(Extracted information):
=== Section Start ===

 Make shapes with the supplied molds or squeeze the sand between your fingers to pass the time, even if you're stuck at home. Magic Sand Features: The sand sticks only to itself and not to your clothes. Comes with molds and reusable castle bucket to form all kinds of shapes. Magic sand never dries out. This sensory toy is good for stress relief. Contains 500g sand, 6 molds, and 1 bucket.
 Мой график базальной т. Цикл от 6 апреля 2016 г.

=== Section End ===
=== Section Start ===

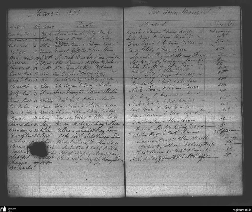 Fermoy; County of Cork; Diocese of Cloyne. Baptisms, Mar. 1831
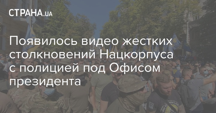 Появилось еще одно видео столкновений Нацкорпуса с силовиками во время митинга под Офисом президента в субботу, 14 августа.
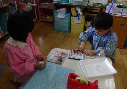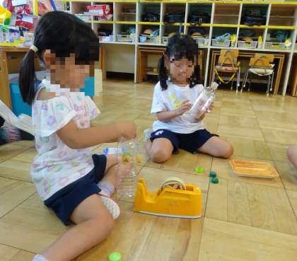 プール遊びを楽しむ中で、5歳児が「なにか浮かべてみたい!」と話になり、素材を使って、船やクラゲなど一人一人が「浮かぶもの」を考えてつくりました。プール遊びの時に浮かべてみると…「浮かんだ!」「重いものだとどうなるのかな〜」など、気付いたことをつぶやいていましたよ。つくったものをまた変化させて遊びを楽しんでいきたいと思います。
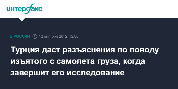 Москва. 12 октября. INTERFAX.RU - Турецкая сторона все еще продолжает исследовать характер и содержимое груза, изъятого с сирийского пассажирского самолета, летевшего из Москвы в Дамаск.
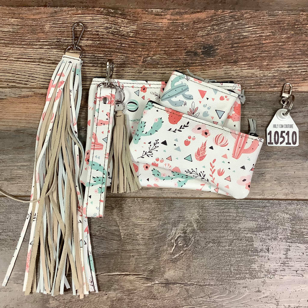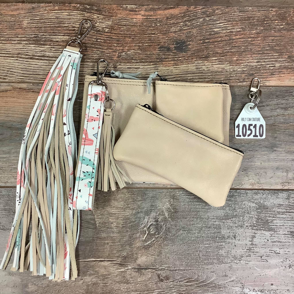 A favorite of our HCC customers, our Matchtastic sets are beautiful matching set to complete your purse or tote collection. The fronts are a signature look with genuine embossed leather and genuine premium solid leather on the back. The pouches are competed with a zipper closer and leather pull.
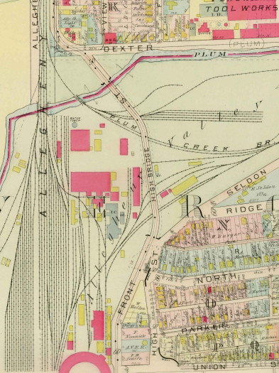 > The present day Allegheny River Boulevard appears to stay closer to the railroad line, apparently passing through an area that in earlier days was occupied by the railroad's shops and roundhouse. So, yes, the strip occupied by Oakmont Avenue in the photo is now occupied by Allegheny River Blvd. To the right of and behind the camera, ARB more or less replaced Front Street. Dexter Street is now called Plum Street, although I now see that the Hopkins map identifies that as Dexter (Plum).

=== Section End ===

Beginning with the line that contains "Fermoy; County of" and ending with the line that contains "as Dexter (Plum).", reproduce the listing exactly, pictures excluded.

 Fermoy; County of Cork; Diocese of Cloyne. Baptisms, Mar. 1831
 Появилось еще одно видео столкновений Нацкорпуса с силовиками во время митинга под Офисом президента в субботу, 14 августа.
 プール遊びを楽しむ中で、5歳児が「なにか浮かべてみたい!」と話になり、素材を使って、船やクラゲなど一人一人が「浮かぶもの」を考えてつくりました。プール遊びの時に浮かべてみると…「浮かんだ!」「重いものだとどうなるのかな〜」など、気付いたことをつぶやいていましたよ。つくったものをまた変化させて遊びを楽しんでいきたいと思います。
 Москва. 12 октября. INTERFAX.RU - Турецкая сторона все еще продолжает исследовать характер и содержимое груза, изъятого с сирийского пассажирского самолета, летевшего из Москвы в Дамаск.
 A favorite of our HCC customers, our Matchtastic sets are beautiful matching set to complete your purse or tote collection. The fronts are a signature look with genuine embossed leather and genuine premium solid leather on the back. The pouches are competed with a zipper closer and leather pull.
 > The present day Allegheny River Boulevard appears to stay closer to the railroad line, apparently passing through an area that in earlier days was occupied by the railroad's shops and roundhouse. So, yes, the strip occupied by Oakmont Avenue in the photo is now occupied by Allegheny River Blvd. To the right of and behind the camera, ARB more or less replaced Front Street. Dexter Street is now called Plum Street, although I now see that the Hopkins map identifies that as Dexter (Plum).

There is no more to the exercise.